Several studies have investigated the relationship between IgG glycoforms and FcγRIII-dependent ADCC.
Galactose—Removal of most of the galactose residues from a humanized mAb IgG1 (Campath®) resulted in reduced complement lysis activity but had no effect on ADCC (Boyd et al. (1995) Mol. Immunol., 32:1311-1318). However, a highly galactosylated form of a human anti-RhD monoclonal IgG is more active in ADCC assays than the agalactosyl form (Kumpel et al. (1994) Antibodies Hybridomas, 5:143-151). Thus, the impact of galactosylation of IgG oligosaccharide on ADCC is controversial.
Static Acid—The terminal sialic acid seems to have no effect on ADCC (Boyd et al. (1995) Mol. Immunol., 32:1311-1318).
N-acetyl-glucosamine—Several studies have focused on the role of bisecting GlcNAc in binding to FcγRIII and ADCC. The glycosylation pattern of a chimeric IgG1 antineuroblastoma antibody has been engineered in CHO cells transfected with β-1,4-N-acetylglucosaminyltransferase III (GnTIII) (Umana et al. (1999) Nature Biotech., 17:176-180; see also U.S. Pat. No. 6,602,684). This enzyme catalyzes the addition of bisecting GlcNAc residue to the N-linked oligosaccharide. The bisecting GlcNAc blocks the α-1,6-linked core fucosylation of N-glycans, since α1,6-fucosyltransferase cannot efficiently use bisecting N-glycans as substrates (Longmore et al. (1982) Carbohydrate Res., 100:365-392). IgG produced in this cell line exhibited an increased ADCC activity. However, the contribution of bisecting GlcNAc on effector functions as compared to core fucose remains controversial (Shinkawa et al. (2003) J. Biol. Chem., 278:3466-3473).
Fucose—Humanized and chimeric IgG1 mAbs have been produced in a rat hybridoma cell line that expresses a lower level of α-1,6-fucosyltransferase, so that the secreted mAbs have lower fucosylated oligosaccharide than Chinese hamster ovary (CHO)-produced IgG1 (Shinkawa et al. (2003) J. Biol. Chem., 278:3466-3473; see also European Patent Appln. Pub. No. 1176195).

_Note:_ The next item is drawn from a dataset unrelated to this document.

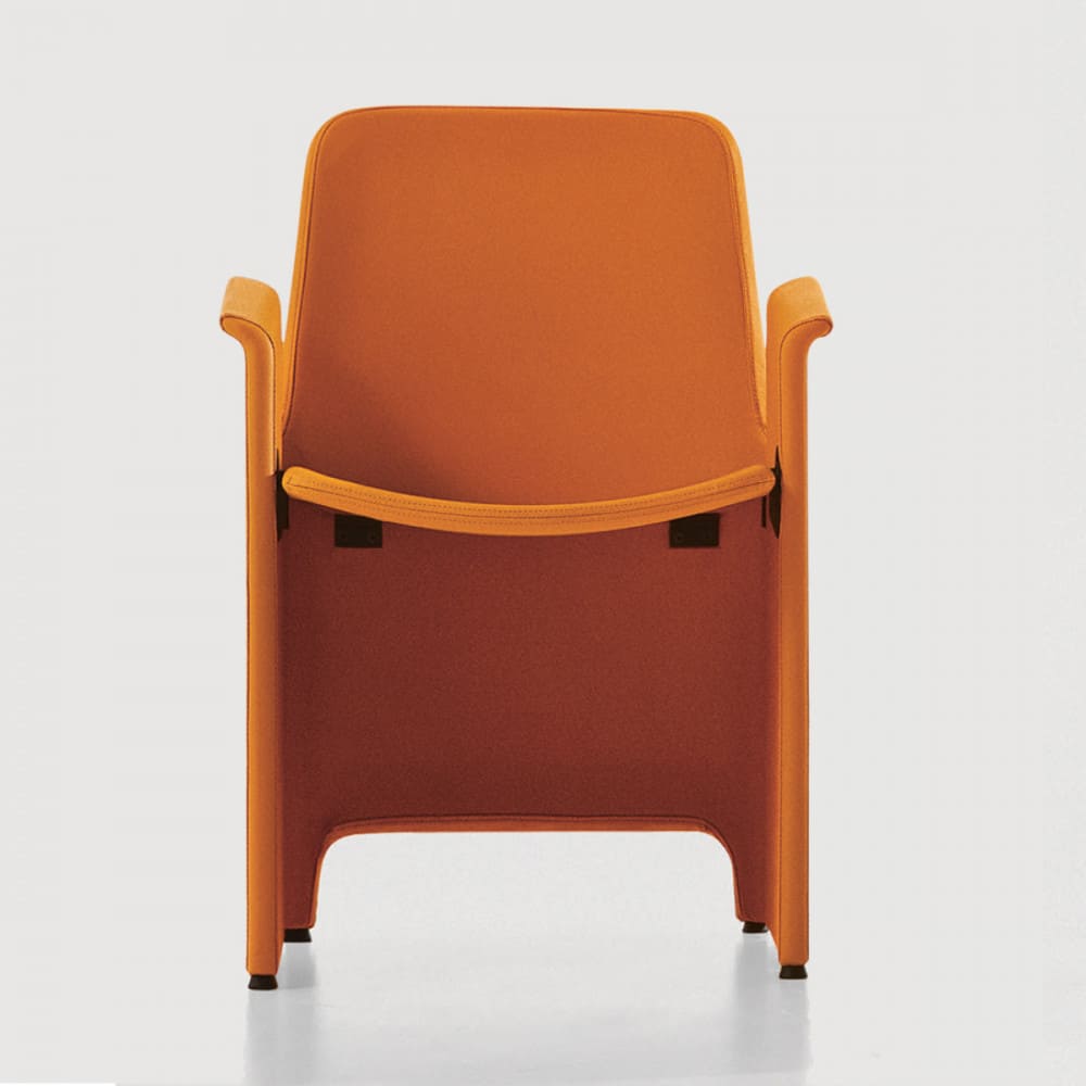 Il pozzetto pieghevole Mirò è la sedia front office con imbottitura in schiumato a freddo ignifugo. La particolarità sono i fianchi laterali fino a terra. La struttura è pieghevole e lo schienale è flessibile. Il rivestimento è a scelta.

These studies have shown that non fucosylated oligosaccharides play a more critical role in enhancing ADCC than bisecting GlcNAc oligosaccharides. This report is consistent with previous studies in which the fucose deficiency of IgG1 had no effect on C1q binding, but provoked an increased binding to human FcγRIIIA and allowed a higher ADCC activity (Shields et al. (2002) J. Biol. Chem., 277:26733-26740).

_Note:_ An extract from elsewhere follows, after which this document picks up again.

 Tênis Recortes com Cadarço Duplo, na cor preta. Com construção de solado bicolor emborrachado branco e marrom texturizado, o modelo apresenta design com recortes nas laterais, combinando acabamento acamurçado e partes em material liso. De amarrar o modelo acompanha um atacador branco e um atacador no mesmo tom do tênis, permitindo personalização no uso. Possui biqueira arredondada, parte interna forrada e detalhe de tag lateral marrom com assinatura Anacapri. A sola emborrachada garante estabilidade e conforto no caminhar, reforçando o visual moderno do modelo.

Attempts have been made to engineer cell lines that produce recombinant IgG with a well-defined pattern of glycosylation in the Fc region. For example, CHO cell lines expressing high levels of human β-1,4-galactosyltransferase (GT) and/or α-2,3-sialyltransferase (ST) have been made. The structure of IgG oligosaccharides produced in these cells shows a greater homogeneity as compared with control cell lines. Overexpression of GT reduces the amount of terminal GlcNAc, whereas overexpression of ST increases sialylation of oligosaccharides (Weikert et al. (1999) Nature Biotech., 17:116-1121).
There continues to be a need to optimize antibody-based therapeutics, and in particular, to develop methods for producing antibody-based therapeutics with enhanced ADCC activity.